**Information provided:**
=======

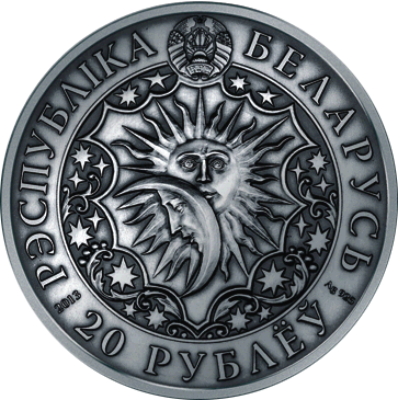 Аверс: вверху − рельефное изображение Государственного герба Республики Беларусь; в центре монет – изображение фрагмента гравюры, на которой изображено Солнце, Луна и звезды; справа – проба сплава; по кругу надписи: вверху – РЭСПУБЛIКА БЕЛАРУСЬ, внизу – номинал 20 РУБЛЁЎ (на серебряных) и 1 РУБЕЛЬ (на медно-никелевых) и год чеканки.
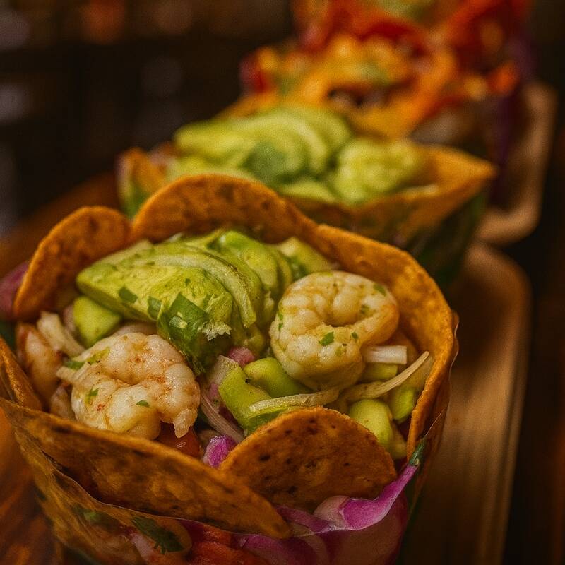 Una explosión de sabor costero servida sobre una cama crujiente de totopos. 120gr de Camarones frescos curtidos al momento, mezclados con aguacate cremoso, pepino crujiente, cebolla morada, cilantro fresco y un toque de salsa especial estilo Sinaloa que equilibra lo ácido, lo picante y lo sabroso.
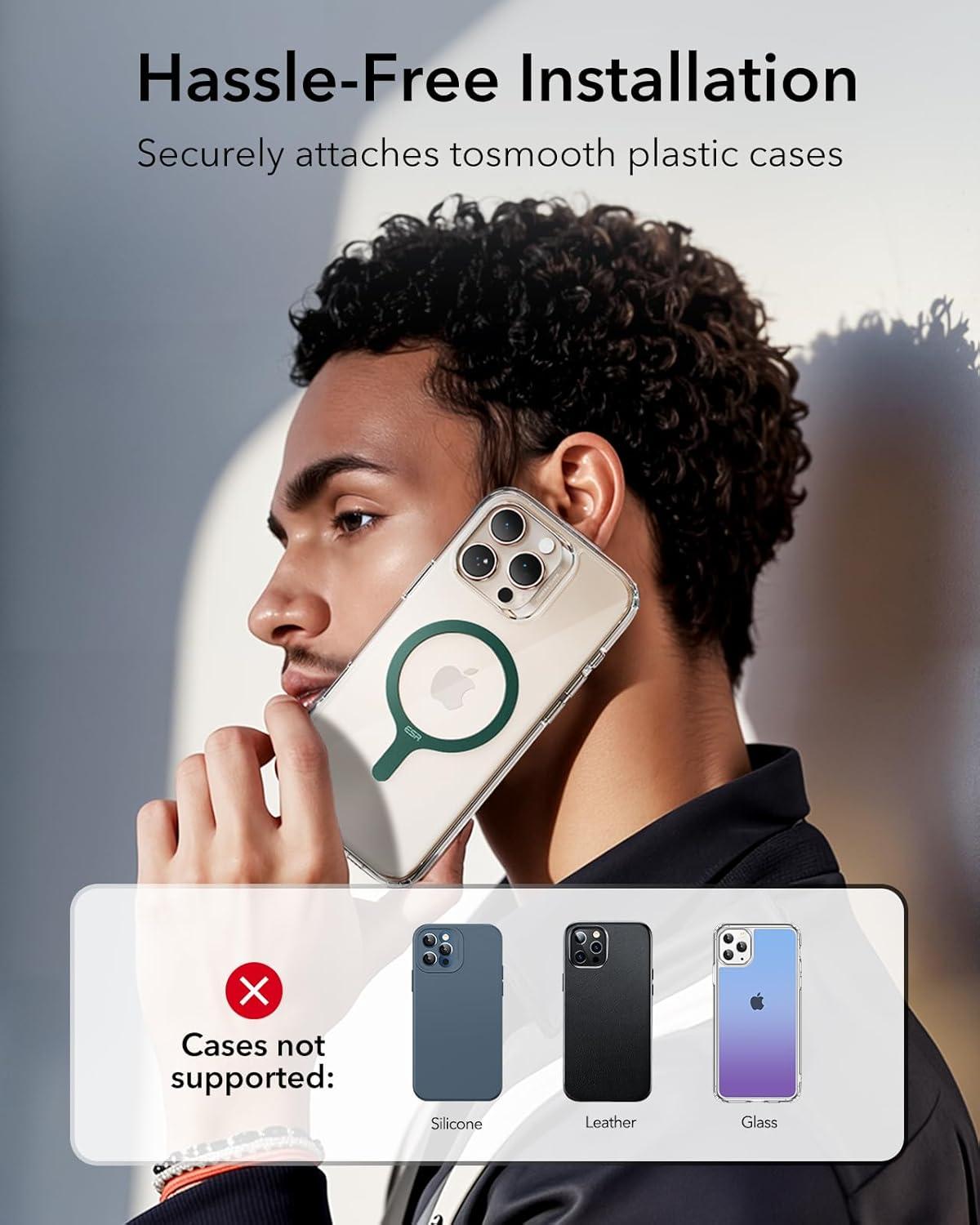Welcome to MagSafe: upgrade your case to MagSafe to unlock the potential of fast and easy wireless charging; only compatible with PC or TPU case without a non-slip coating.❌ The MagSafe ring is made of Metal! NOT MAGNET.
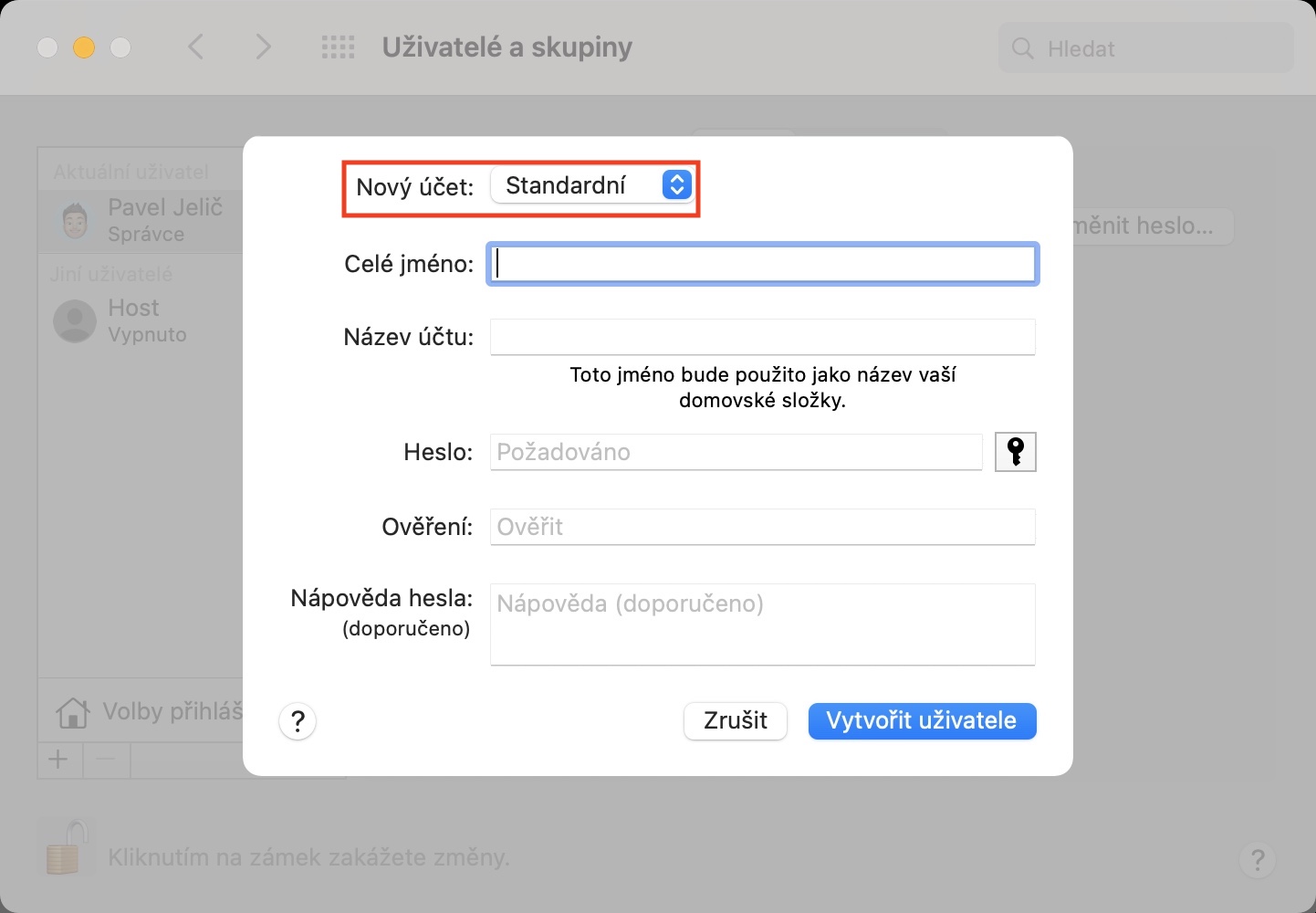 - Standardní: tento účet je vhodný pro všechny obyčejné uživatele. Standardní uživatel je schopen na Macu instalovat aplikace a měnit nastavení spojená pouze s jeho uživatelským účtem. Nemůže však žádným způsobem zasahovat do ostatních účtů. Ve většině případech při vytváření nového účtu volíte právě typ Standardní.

=======

**What is needed:**
For this copy, leave pictures out and reproduce the lines from the one bearing "Welcome to MagSafe: upgrade" through the final line of the listing above, both ends included.

**Response area:**
Welcome to MagSafe: upgrade your case to MagSafe to unlock the potential of fast and easy wireless charging; only compatible with PC or TPU case without a non-slip coating.❌ The MagSafe ring is made of Metal! NOT MAGNET.
 - Standardní: tento účet je vhodný pro všechny obyčejné uživatele. Standardní uživatel je schopen na Macu instalovat aplikace a měnit nastavení spojená pouze s jeho uživatelským účtem. Nemůže však žádným způsobem zasahovat do ostatních účtů. Ve většině případech při vytváření nového účtu volíte právě typ Standardní.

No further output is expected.